Upvote:2
A line in the classic Chinese novel Romance of the Three Kingdoms illustrates the scenario well: After Zhang Fei causes Liu Bei's two wives to be captured, Liu Bei (let me emphasize that he is the hero of the story) tries to aleviate his guilt by saying that wives are like shirts but brothers are like limbs. A shirt can be replaced, a limb cannot. So yeah... that's how things worked at the time.
Upvote:12
I think you're finding this odd because you are looking at it from the point of view of your own culture, and assuming that is "normal". In fact, different cultures evolved with different standards for adult gender relations. Since the rules used appear to be nearly universal within language families, likely the roots of these idioms go back at least to the time their entire language families were formed.
In Afroasiatic cultures, the common historical arrangement was plural marriage. Wives had nearly equal status (subject to the preferences of the husband), and the status of all their offspring was strictly birth order.
Indo-European cultures tended more to a strict exclusive binary marriage. IE Men were generally free to dally outside of that bond (if they could), but both the women and any resulting progeny would not considered "legitimate" at all, so they essentially had no status.
Our records for the ancient Sumerians (who were neither Afroasiatic nor Indo-European) tend to show a surprisingly looser bond, with women able to control their own finances and hold their own positions and generally participate in society completely independent of their husbands.
China appears to have been essentially halfway between the IE and Afroasiatic models. You could look at what high-status men like the emperor had as a plural marriage, with the first wife having a greatly enhanced status. The offspring of concubines were not removed from inheritance, and thus were not considered "illegitimate" in the way a child of a European mistress would be. However, they were lower status than the first wife's children, regardless of birth order. So calling Chinese concubines "mistresses" as this question does is very misleading. Better to think of them as "lesser wives".
As for how this was run, consider it like any large workplace. People are thrown together not necessarily because they are or aren't friends, but because they all are working together on the same job.
In both Afroasiatic and Chinese plural marriage societies, the number of wives was limited by the number that the man was rich enough to support. Of course this meant having a large number of them was an indicator of wealth.
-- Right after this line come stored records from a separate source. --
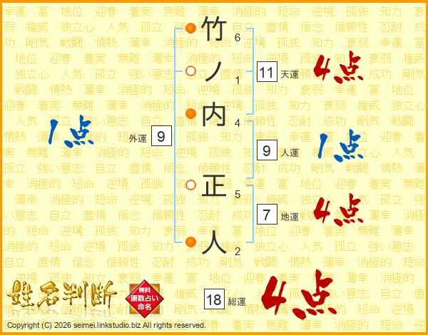 竹(6画)ノ(1画)内(4画) 正(5画)人(2画)
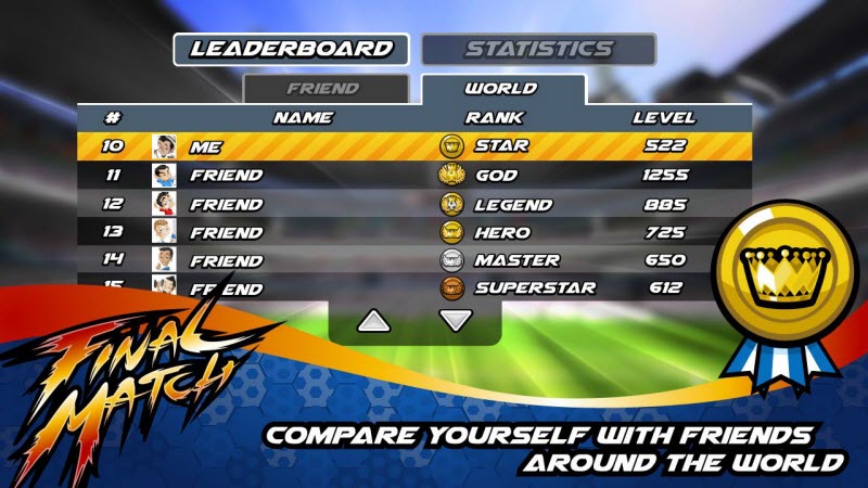 最终之战是一款好玩易操作的足球竞技游戏,玩家可以进行一个1V1的足球对战,你将和你选择的对手进行一场势均力敌、针锋相对的足球比赛。而你的最终目的就是踢球射门,成为足球传奇。
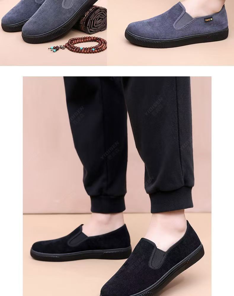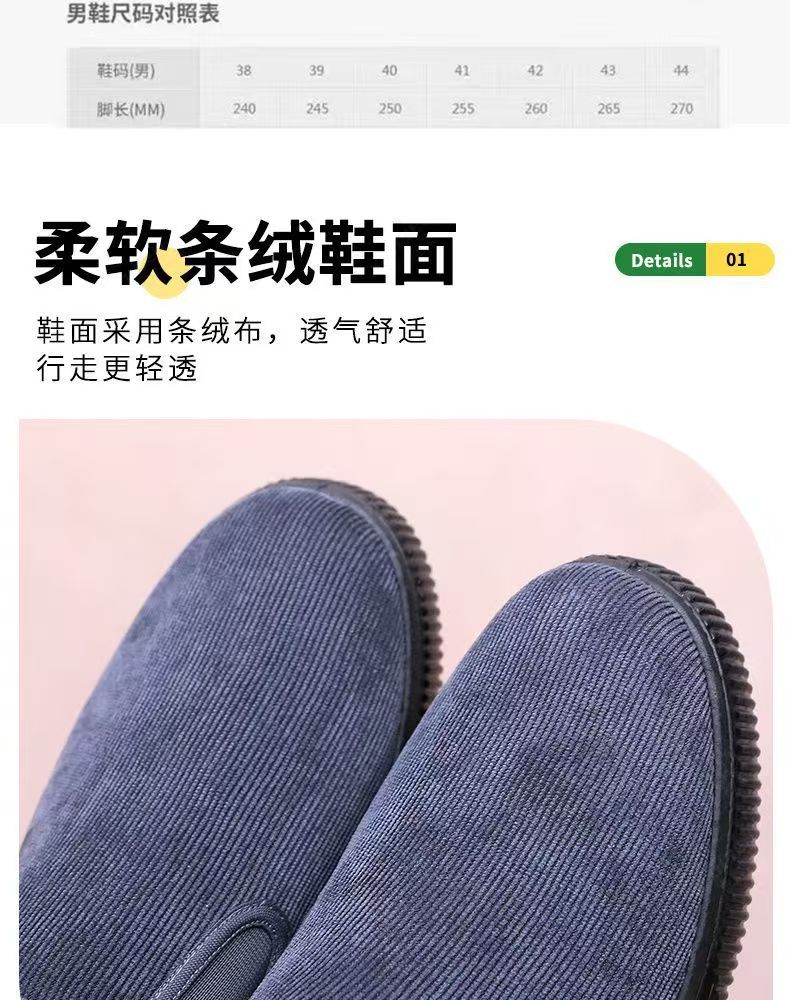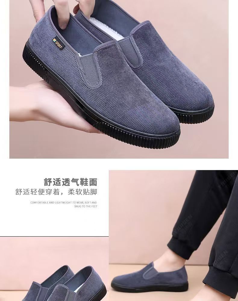 新款冬季加绒老北京条绒兔毛加绒棉鞋轻便一脚蹬休闲老人爸爸棉鞋
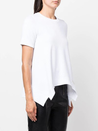 waterfall-hem T-shirt Crafted from a soft blend of lyocell and cotton, this Stella McCartney T-shirt is elevated by a waterfall-style hem, offering a contemporary silhouette. Highlights - White - Lyocell-cotton blend - Round neck - Short sleeves - High-low hem Imported Composition Cotton 70%, Lyocell 30% SIZE & FIT Model measurements Height 5 ft 11 in(1.8 m) Bust/Chest 33.07 in(84 cm) Hips 37.4 in(95 cm) Waist 25.19 in(64 cm) FittingInformation This piece fits true to size. We recommend you get your regular size Cut for a loose fit Made with a mid-weight fabric Washing instructions Machine Wash
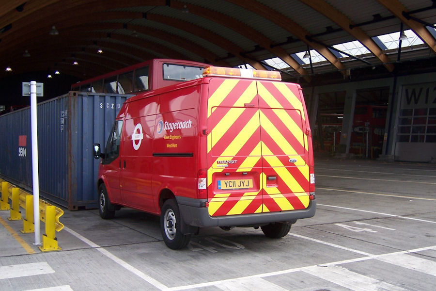 Details: Stagecoach London has recently been renewing its engineer's van fleet. Unlike the crew ferry minibuses, the new vans have been given full Stagecoach lettering, and they also carry their Stagecoach national fleetnumbers. Photographed (with permission) in West Ham Garage on 6th August 2011, YC11JYJ is number 95250. Note the large Buses roundel towards the front (slightly smaller than the ones on LBSL 7160F) and the descriptive side lettering. |
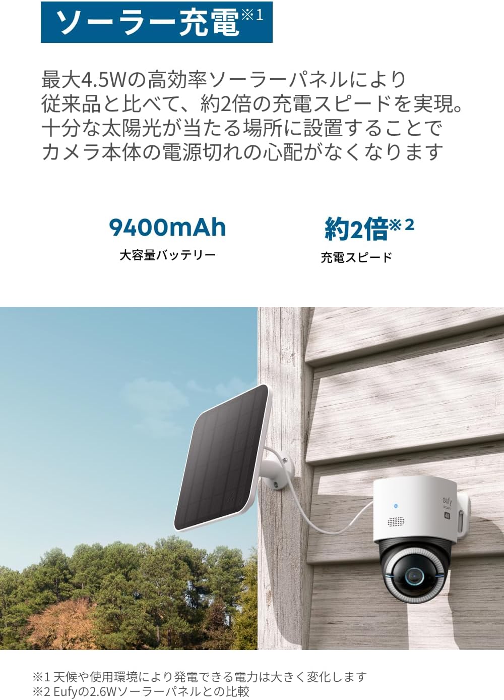 ※1 天候や使用環境により発電できる電力は大きく変化します ※2 Eufyの2.6Wソーラーパネルとの比較
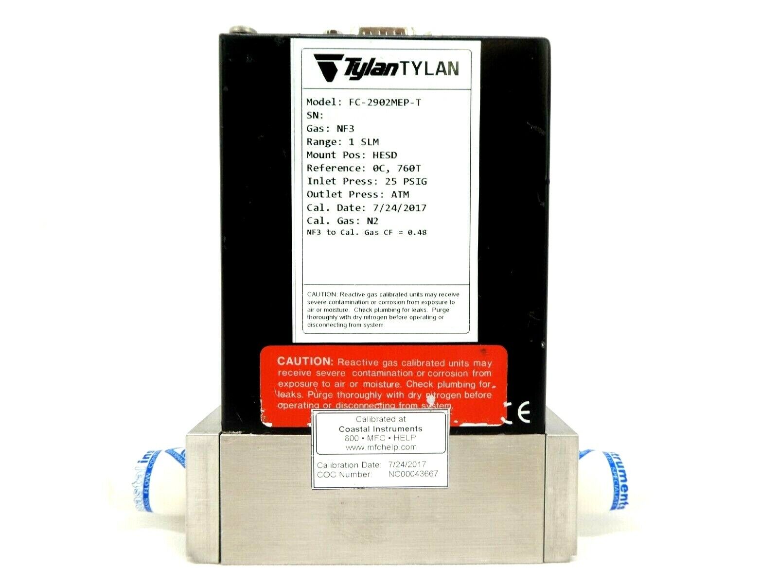 This Tylan FC-2902MEP-T Mass Flow Controller MFC is refurbished surplus. Includes Calibration Data Sheet. The physical condition is good, but there may be signs of previous use and handling.
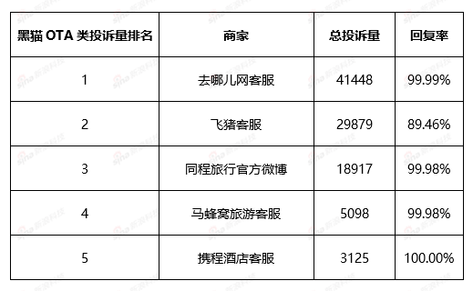 从数据来看,总的来说,OTA类投诉数量一枝独秀,对投诉的反馈速度还可以,但飞猪的回复率明显低于其他同业。
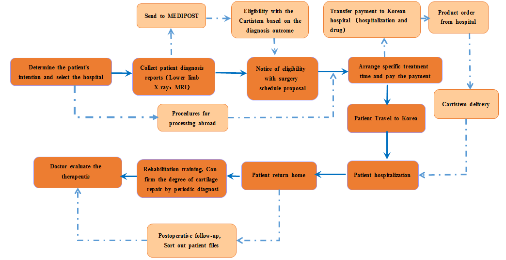 CARTISTEM treatment is available in Korea at more than 330 hospitals and clinics at the moment. The fastest option to make the product available to the OA patients in China is to bring the patients to Korea for treatment. Orlife already designed a full process of the medical tourism for Chinese patients seeking treatment. A company of Medipost Meditour was established in Korea as a fully owned subsidiary of Medipost for patient logistics and care when they arrive in Korea for the treatment. Alliance hospitals were selected in Korea who will be responsible for treatment of the Chinese patients. Medipost as a developer, product registration holder and manufacturer of CARITISTEM is at the center of the service, Medipost Meditour, an affiliate of Medipost, is registered and certified company by Korean government for foreign patient recruitment with insurance protection to cover any potential medical accident. Alliance hospitals in Korea were selected based on their product experience and excellence in medical expertise. Any dispute between patients and hospitals will be mediated and cared by Orlife in China and Medipost Meditour in Korea. Product liability and medical accident insurance are being covered by Medipost and Medipost Meditour.
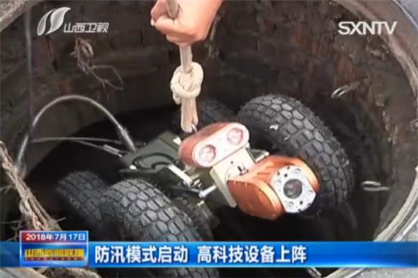 晋城台记者 郎越远:这里是晋城,我现在是在市区的新市东街,我身后的市政防汛抢险突击队正在对这条街道上所有的排水管网进行隐患排查工作。那与以往不同的是,今年我们的排查工作全部都是用我身旁的这台地下管道机器人来独立完成的,这不仅提高了井下作业的安全性,而且效率也是大大的提高。
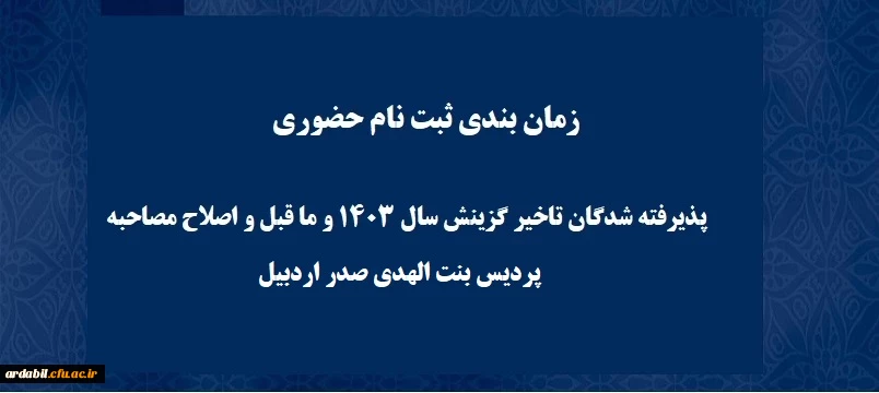 پذیرش حضوری از پذیرفته شدگان تاخیر گزینش سال 1403 و ما قبل و اصلاح مصاحبه پردیس بنت الهدی صدر
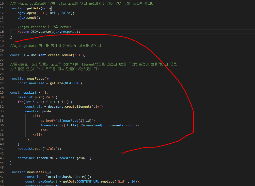 NewsList 빈 배열을 만들어서 push로 문자열을 구현했습니다!
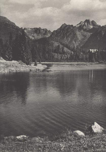 Widok na Nowe Szczyrbskie Jezioro. W tle szczyty: Skrajna Baszta, Wołowy Grzbiet, Kopa Popradzka, Wysoka, Osterwa.
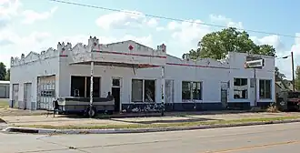 The Canute Service Station is a historic service station located along former U.S. Route 66 in Canute, Oklahoma. The service station was built in two sections; the western section opened in 1936 as a roadhouse, while the service station itself was added in 1939. The station was designed in the Pueblo Deco style, an architectural style which blended elements of the Art Deco and Pueblo Revival styles. The Pueblo Deco style was most popular in the Southwest, particularly among businesses on Route 66 looking to attract westbound travelers. The service station's Pueblo Deco elements include its stucco exterior, its castellated parapet decorated with tile diamonds, and its red tile roof.[2]
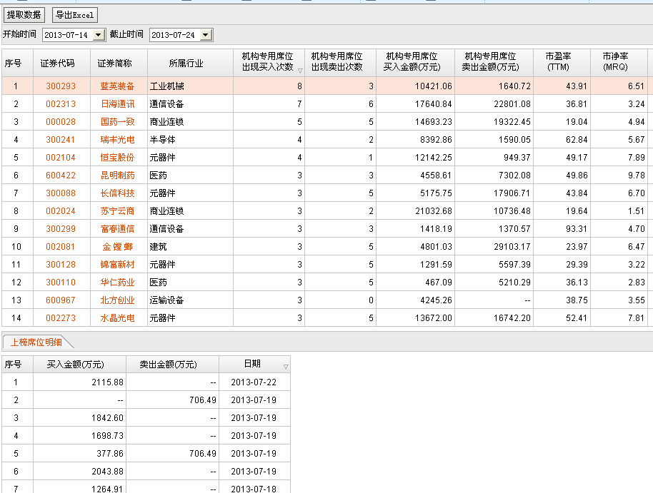 "机构专用席位跟踪"可以查看时间区间内机构专用席位的龙虎榜统计信息,如下图所示:
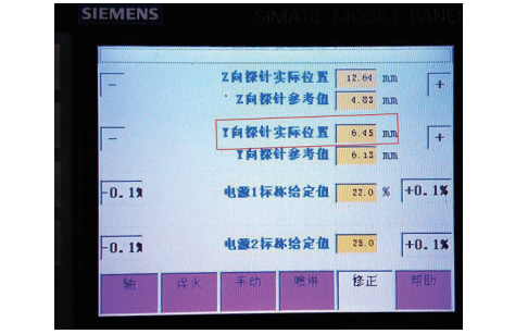 图2中黑色模块为控制器本体。控制器上带LED显示屏,其数值为传感器测量头的实际位置,按钮则可调整控制器输出功能。连接传感器的电缆由模块进线端接入,模块输出端连接电缆连接到ET200S模拟量检测模块。通过PLC可以读取系统模拟量数值传送至HMI显示设置标准值和实际值,方便操作者观察实际偏差距离与设置的是否一致,如图3所示。
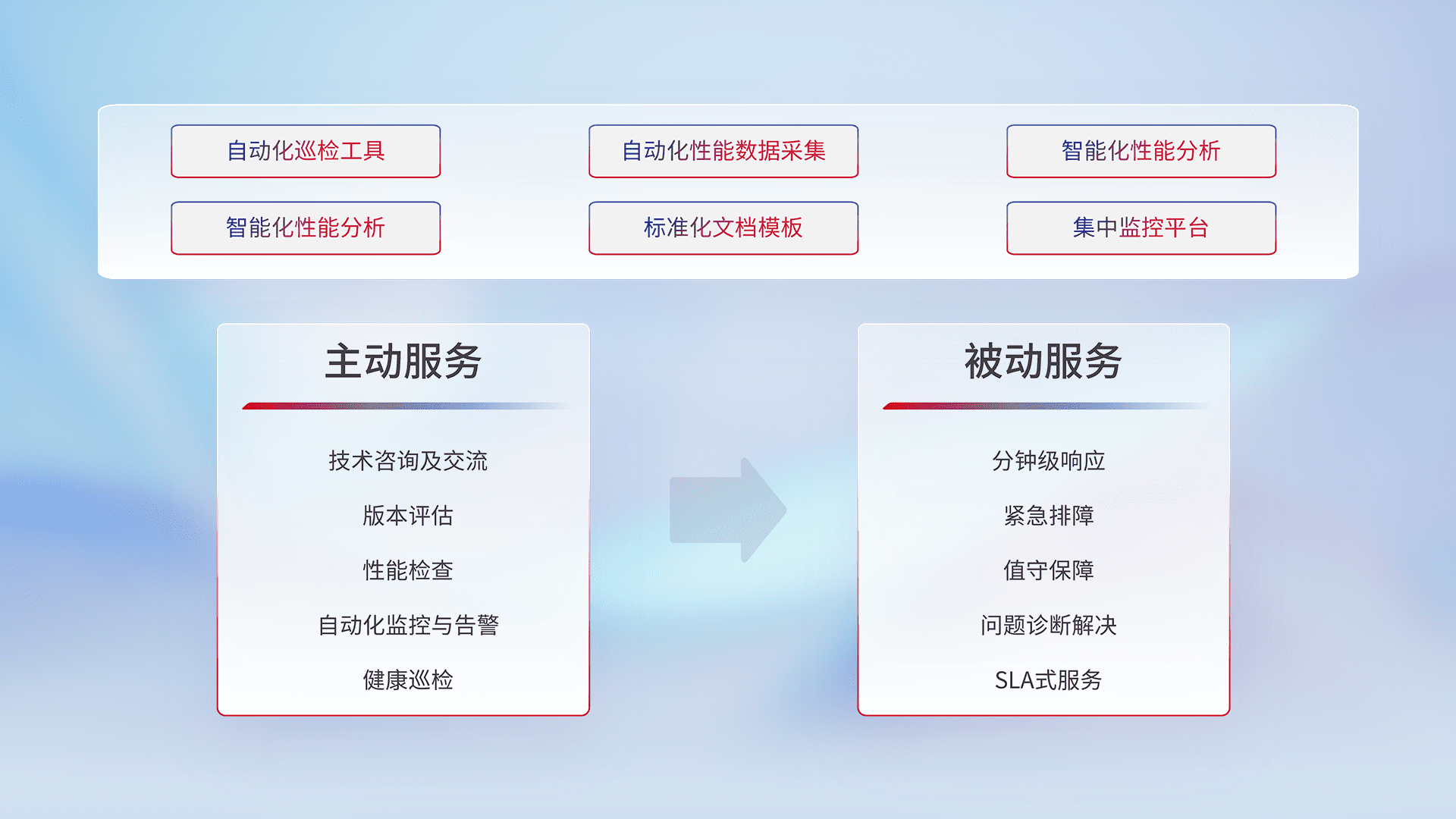 智能化工具和标准化文档,,保障服务质量,,,提供主动服务(包含技术咨询、、版本评估、、、、性能检查、、、、自动化监控与告警、、健康巡检)和被动服务包含(分钟级响应、、紧急排障、、值守保障、、、、问题诊断解决、、、、SLA服务)。。
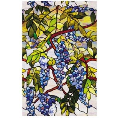 24″ x 36″, wisteria window film, an inexpensive alternative to stained glass, translucent but not transparent, allows light to enter the room, provides privacy, no adhesive necessary, will tile together like wallpaper, top to bottom, left to right, can be easily removed with no adhesive residue after years of installation, easily trimmed to fit, self static adhering, no adhesives.
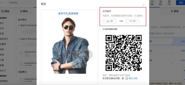 预览含有动态图文组件的页面时,可通过“上一个/下一个”切换版本,左侧预览页面同步变换,最多展示9个版本。
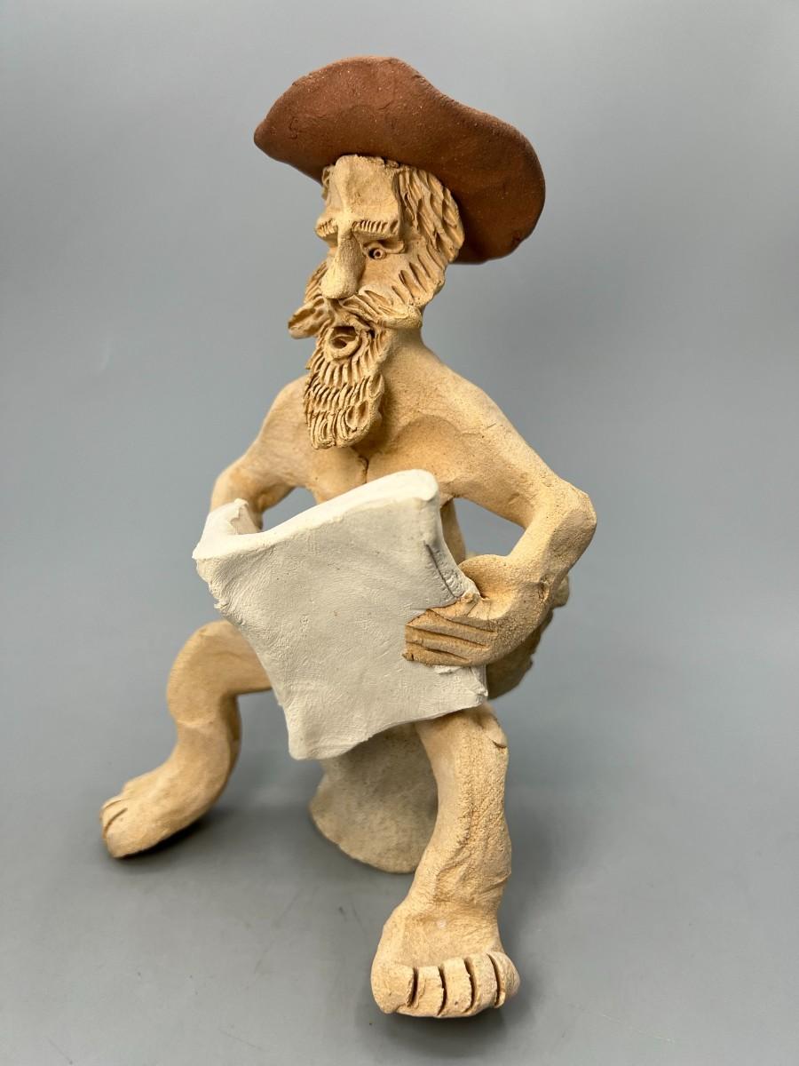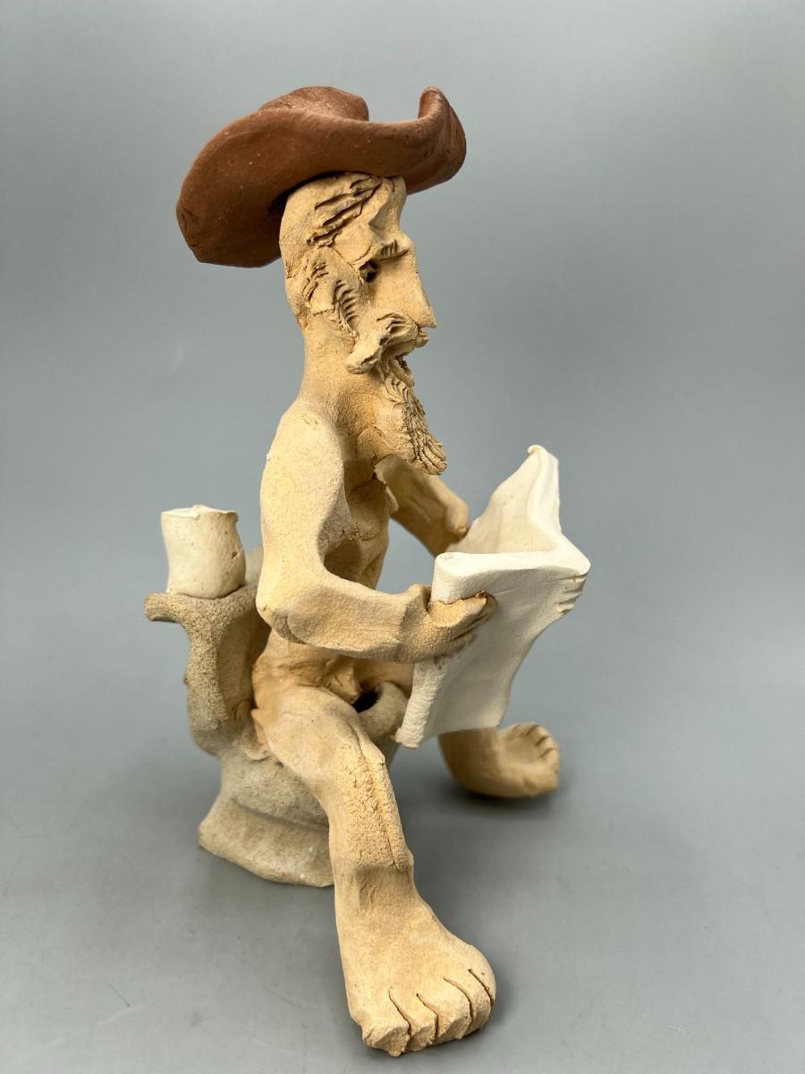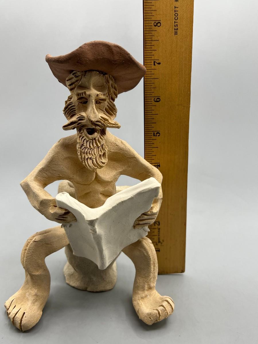 Handmade Crafted Molded Clay Bearded Man on Toilet Reading Newspaper. In good handmade condition.
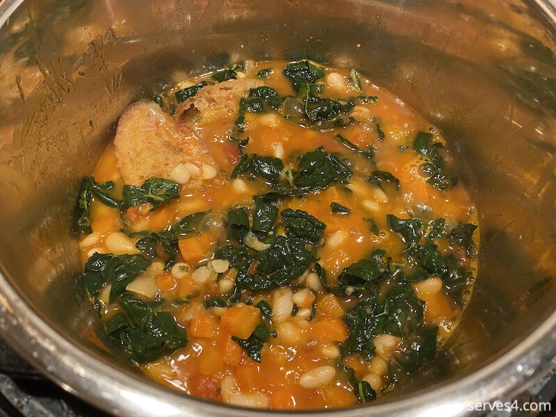 Ribollita means "reboiled", and the soup would traditionally involve "reboiling" leftover vegetable soup and adding chunks of stale bread to fill it out. If you happen to have stale bread ends lying about, this Instant Pot Tuscan Bean Soup really is the perfect recipe for using them up, rather than letting them go to waste. Good quality crusty bread would be ideal, but feel free to use any bread of your choosing.
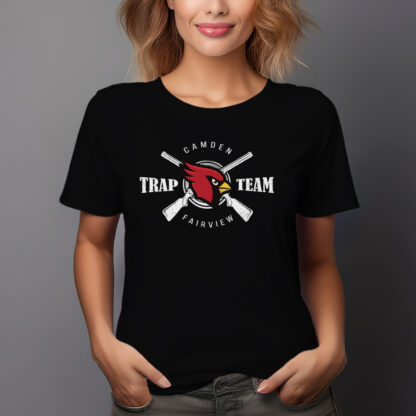 Represent your team with a design that blends tradition and intensity. This “Camden Fairview Trap Team” graphic features a bold cardinal mascot front and center, backed by crossed shotguns and a target-ring backdrop.
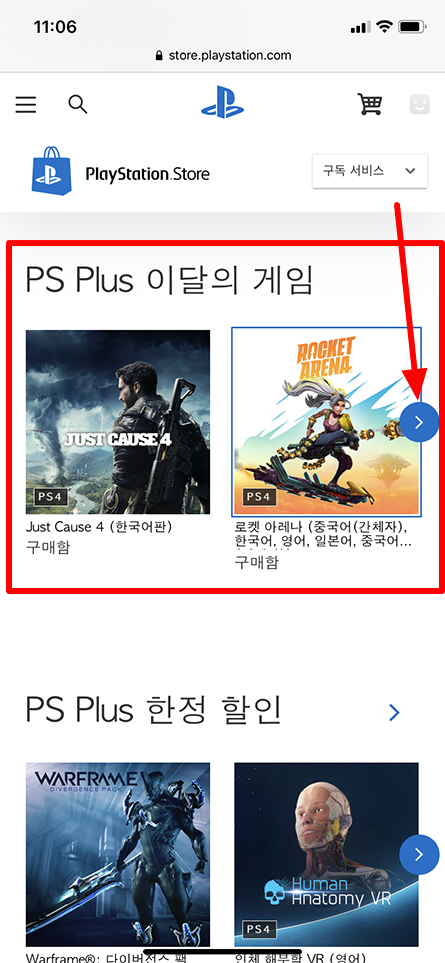페이지 중간 PS Plus의 이달의 무료 게임 목록을 확인할 수 있으며 추가로 무료 게임이 더 있는지 확인하시려면 파란색 화살표 방향에 표시된 버튼을 눌러 무료로 주는 게임이 더 있는지 체크해 보시면 좋을 듯합니다.

As with any wealth indicator, its acceptance as such induces people to acquire more of the status good in question than they really need or can use, just to demonstrate how rich they are.
If you've read The Great Gatsby, you can consider a 50+ harem as like Jay Gatsby's library. The books were all real, so he's not a poser. However they were uncut, openly showing off their purpose is not to be read, but just for you, so you know they are there.